ON THE 19th AUGUST, outside the Ecuadorean embassy in London, I watched several hundred people stand for hours in a show of solidarity with a man who refuses to face rape charges. Julian Assange, the head of Wikileaks, emerged onto the balcony of the embassy that has granted him political asylum, and gave a brief speech, to the loud approbation of a crowd encircled by the police that want to arrest him.
To his defenders, he is a martyr for free speech and an opponent of secret government – a man who leads an organization that has stunned the world with details of the cynical deals made between America and many other nations, especially in South America and the Middle East. But in Sweden, Assange is under suspicion of rape and wanted for a final interview before being charged. In many people’s eyes, he’s been set up, and they suspect that extradition to Sweden would result in a swift extradition to the United States, where it is believed he might face execution.
The Swedish police first interviewed Assange in August 2010, concerning allegations of unlawful coercion, two counts of sexual molestation and one of rape, after which he came to the UK. Assange has not actually been formally charged, as many people have pointed out – but this is not quite as simple as it sounds. In Sweden, the formal charge is only made after the prosecuting evidence has been gathered, unlike in the UK where a defendant is charged and then investigated. In his legal fight against extradition in the English courts, Assange tried to argue that the offences he’s been accused of are not offences under English law, but the High Court rejected that claim. In their final judgment, they also ruled that, though he has not been charged, “criminal proceedings have commenced against Mr Assange”.
Indeed, it would not be possible for Sweden to extradite Assange merely for questioning. The Extradition Act states that the extradition warrant “is issued with a view to [the defendant’s] arrest and extradition … for the purpose of being prosecuted for the offence.” Assange is wanted in Sweden for a second interview, following which he would be charged. And according to Swedish law, his trial would have to commence not more than two weeks afterwards.
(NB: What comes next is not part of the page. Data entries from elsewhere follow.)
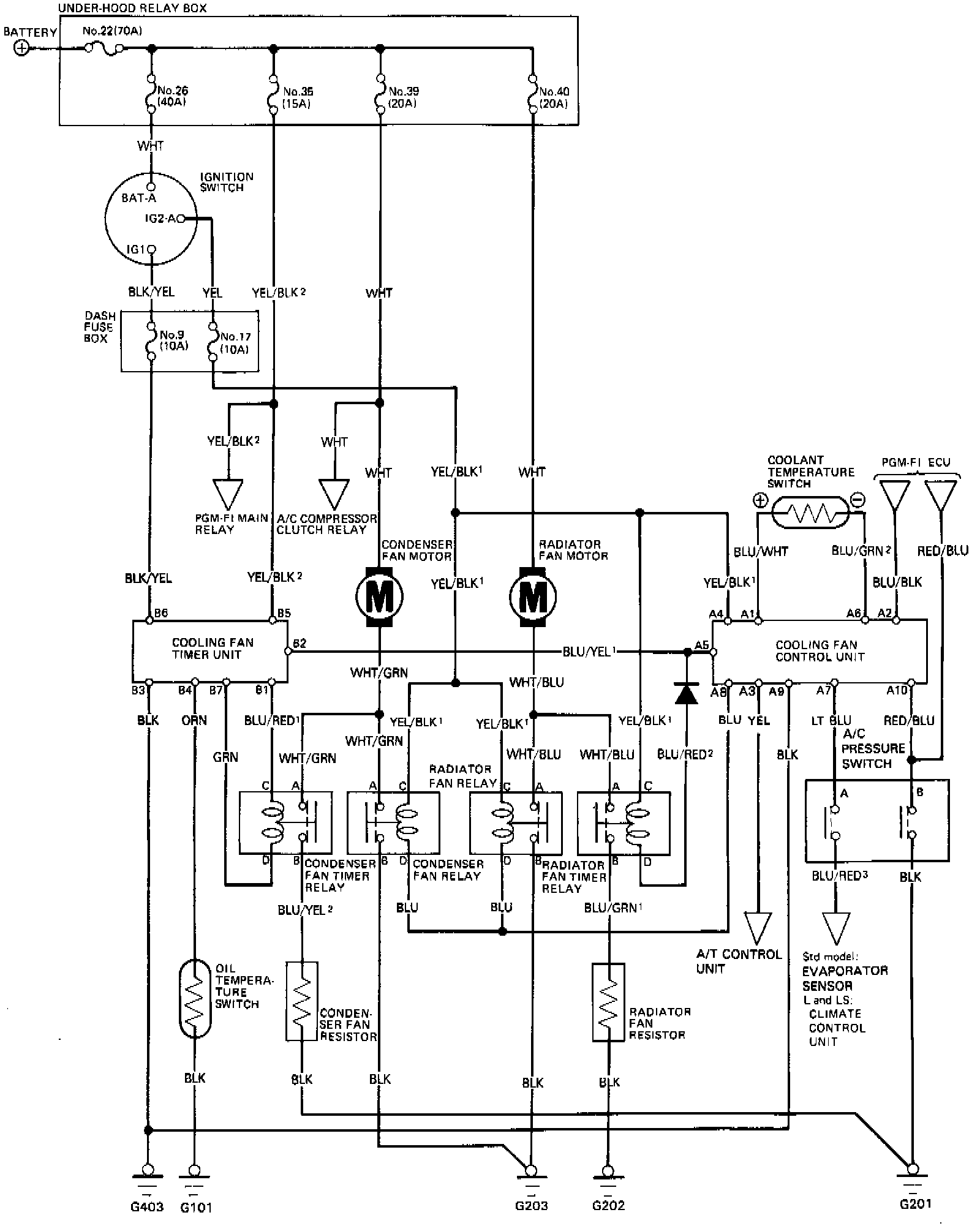 NOTE: Several different wires have the same color. They have been given a number suffix to distinguish them (for example YEL/BLK1 and YEL/BLK2 are not the same).A/C PRESSURE SWITCH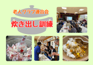 11月20日、住吉校区の老人クラブ連合会のみなさんの交流会で、災害時に備えた炊き出し訓練を行いました。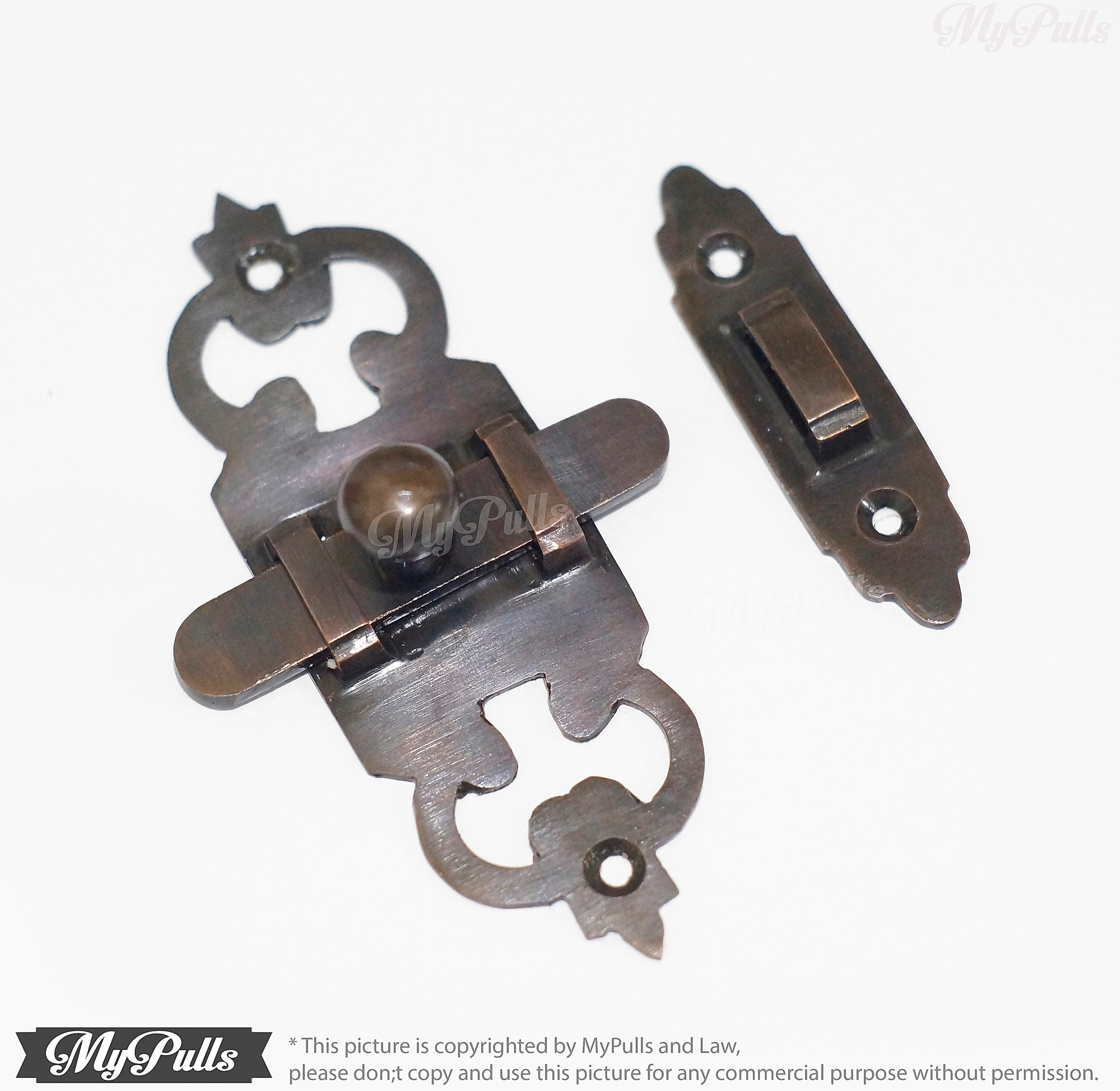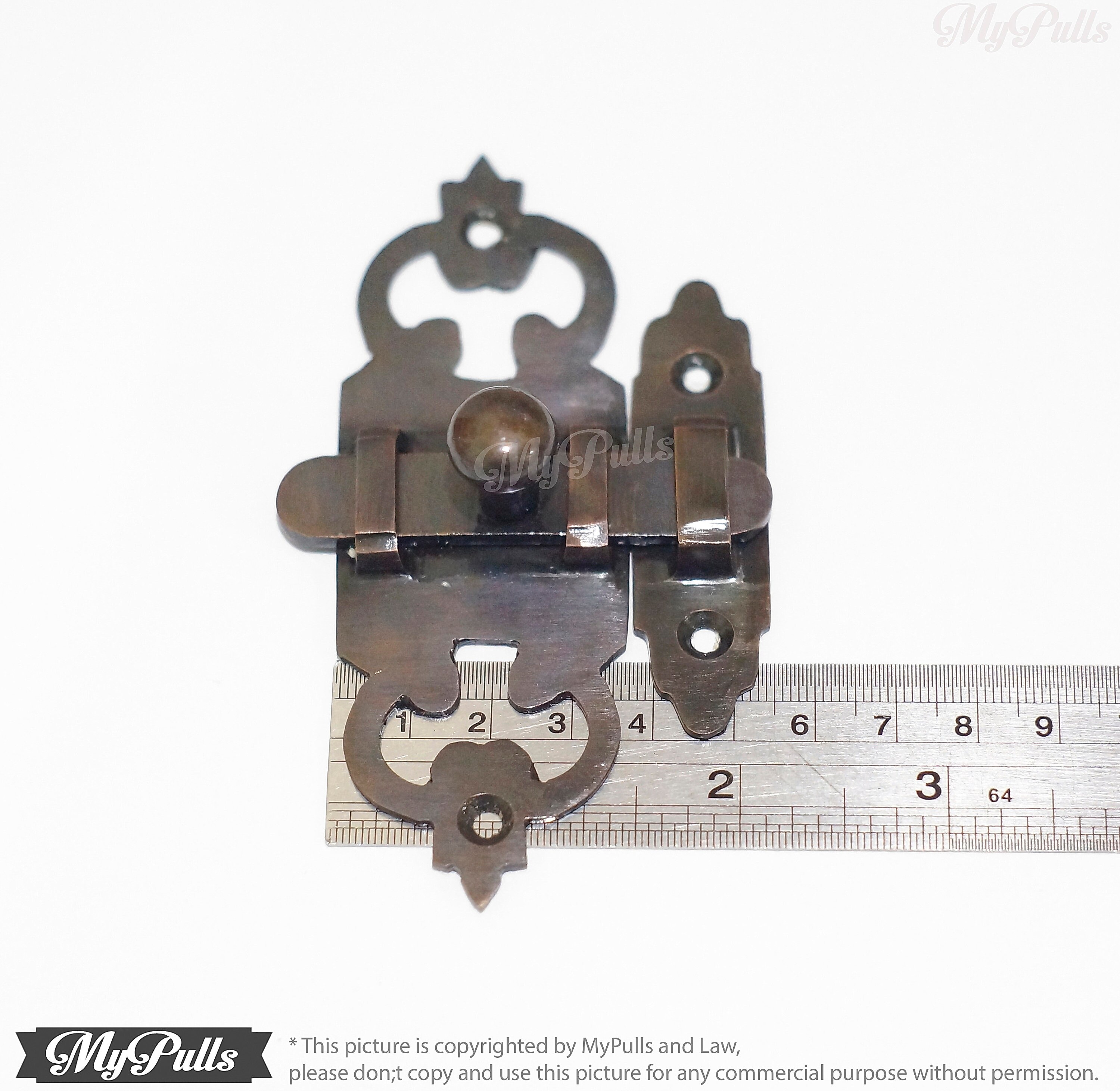 SOLID BRASS DARK BROWN LATCH LOCK - This Classic Solid Brass LATCH Box Slot Dark Brown Finish will be great for your Door lock, gate door, box fast lock or any decor, and include a black screws for fitting all these Solid Brass latches.

It has been argued, though, that Sweden ought to interview Assange in London, to assuage the doubts of those concerned about his possible extradition to the US. But it’s not at all clear of what benefit this would be to the Swedish authorities, since they will formally charge him following this second interview – and the charges can only be faced in Sweden. Assange has already shown his unwillingness to go to Sweden, and is unlikely to forego his asylum to do so when he has been charged. Sweden has refused to guarantee that he would not be extradited to the US, claiming that they can only judge the validity of an extradition warrant when they receive it – and the US can only make the request when Assange is in Sweden.
Despite this, Assange would actually be slightly less at risk of extradition to the United States in Sweden than in the UK. Both countries are prohibited by the European Convention of Human Rights from extraditing someone to a country where they would face charges of a capital offence, or prison conditions so bad they amount to torture – as they arguably do for Bradley Manning, the corporal who leaked many of the US government documents to Wikileaks. But extradition from Sweden would also require the additional consent of the UK, where Assange enjoys a high level of popular support. Many American politicians and media pundits have made bloodthirsty remarks, and suggested a trial for treason or espionage (which faces the death penalty), but the European Convention clearly makes Assange’s extradition illegal under such inhumane circumstances.
Having exhausted all his options in the lower courts, the Supreme Court of the UK also upheld his extradition warrant, after which Assange skipped bail. He was granted political asylum in the Ecuadorean embassy, itself an issue of dubious legality, since the 1951 Refugee Convention allows asylum only for those with a “well-founded fear of being persecuted”. This definition of ‘persecution’ does not normally include the prosecution of a person under laws enacted by a democratically elected parliament, after the person has been allowed to challenge the case multiple times in the courts. Nonetheless, even if he is never extradited, Assange will still be liable for arrest in the UK for breaching his bail terms.
On 16th August, Assange was granted asylum by the Embassy of Ecuador, but the UK refused to grant him safe passage out of the country. The Foreign Office then made a very clumsy move, and sent a letter to the Ecuadorean ambassador that ‘reminded’ him of the powers the Foreign Secretary has to revoke an embassy’s diplomatic status. These powers do exist, but they are limited and would cause a major diplomatic headache, as well as requiring significant justification in international law under the 1961 Vienna Convention on Diplomatic Relations. It is very unlikely that the UK would risk setting a precedent for the entry by the police of other countries into its embassies, merely in order to arrest a man suspected of sexual assault.
The result is a stalemate. Assange could potentially remain in the Ecuadorean Embassy in London for years, or even for the remainder of his life, acting as a continual embarrassment to the UK, the US, and Sweden. What is certain is that if he steps outside the embassy doors, he will be immediately arrested and deported to Sweden. Whether or not the charges against him are true, we may never know. They can only be proved in a court of law, and it is quite possible that Assange will never enter one again in his life.